After wearable technology and body weight training, high-intensity interval training (HIIT) is the top fitness trend, according to the American College of Sports Medicine (ACSM). HIIT training involves short, intense intervals of exercise followed by short periods of recovery or rest. These intense workouts usually last no longer than 30 minutes. One of the more popular HIIT programs, Tabata training, utilizes eight rounds of intense exercise lasting 20 seconds each, followed by 10 seconds of rest/recovery. This type of short-burst workout can have cardiovascular benefits, and improve both athletic physical conditioning and glucose metabolism.

History of Tabata

In a 1996 study featuring Olympic speed skaters, Dr. Izumi Tabata and Coach Irisawa Koichi put athletes through a test on a mechanically-braked cycle ergometer. At an intensity of 170% of VO2max (maximum volume of oxygen an athlete can use), the skaters exercised for short bursts of 20 seconds, followed by 10 seconds of rest and repeated for four minutes; a total of eight cycles. The athletes trained using this method (Tabata named the IE1 protocol) for four days and added a fifth day of slate training (continuous training with no rest). A second group in the study performed steady slate training (70% VO2max) for five days.

The Tabata group achieved similar aerobic gains as the second group who worked out continuous. At the end, the second group did have a higher VO2max (from 52 to 57 mL/(kg•min), but the Tabata group, which started lower, gained more overall (48 to 55 mL/(kg•min). In addition, the Tabata group saw a 28% gain in their anaerobic fitness level.

Benefits of Tabata

The main purpose of Tabata training is to get the maximum benefits in the least amount of time. You can see why this type of exercise training would be appealing to Olympic athletes. It has been known to raise metabolism and the heart rate immediately, which also makes Tabata a great training program for weight loss.
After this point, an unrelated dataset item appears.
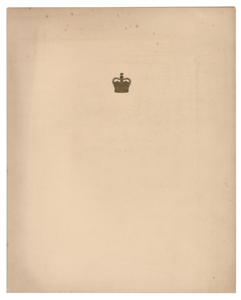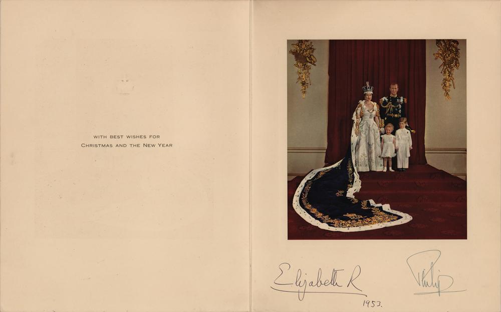 Splendid royal Christmas and New Year's card from 1953 with gilt-embossed crown on the front, measuring 16 x 10 unfolded, featuring a color family portrait of Queen Elizabeth and Prince Philip with their children Charles and Anne, signed below the image in fountain pen, “Elizabeth R, 1953” and “Philip." In fine condition, with some scattered light foxing to the front cover.

The protocol is so intense that your metabolism stays high, even after the workout is complete. As a result, you continue to burn fat for hours. The technical term for this is Excess Post-exercise Oxygen Consumption (EPOC), also known as the “after burn” effect. Additional studies have shown that Tabata can burn up to 13.5 calories per minute.

One of the highlights of Tabata from a trainer’s standpoint is that it gives trainers the ability break down the exercise series to include short bursts of exercises such as push-ups, burpees, squats and sprints for example. Don’t forget each exercise is done at high-intensity for 20 seconds with 10 seconds of rest in-between. If done correctly, athletes can really take advantage of the benefits Tabata training can give them.

 

Tabata Is Not For Everyone

Due to the intensity of this program, Tabata is not for everyone. Since you are already P90X LIVE instructors and are used to training at a high level, you may find Tabata to be a comfortable transition, but when leading a class, there are some important things to keep in mind.

Participants who normally consider themselves strong exercisers have been known to be caught off guard by Tabata training; many find it hard to catch their breath while others are just not physically able to handle the intensity of this workout. It is encouraged that all participants get clearance from their doctors before starting a Tabata training program and be forthcoming with their instructor on any injuries they have.  It is our recommendation that participants let their injuries heal before taking on this program. Also taking advantage of these short rest periods is vital. This is a good time to practice breathing exercises and keep moving even at a slow pace to keep the blood flowing and muscles limber. Of course, you are not training to be Olympic speed skaters, so as P90X LIVE instructors you will be provided with a predesigned workout that will be a variation of the Tabata program.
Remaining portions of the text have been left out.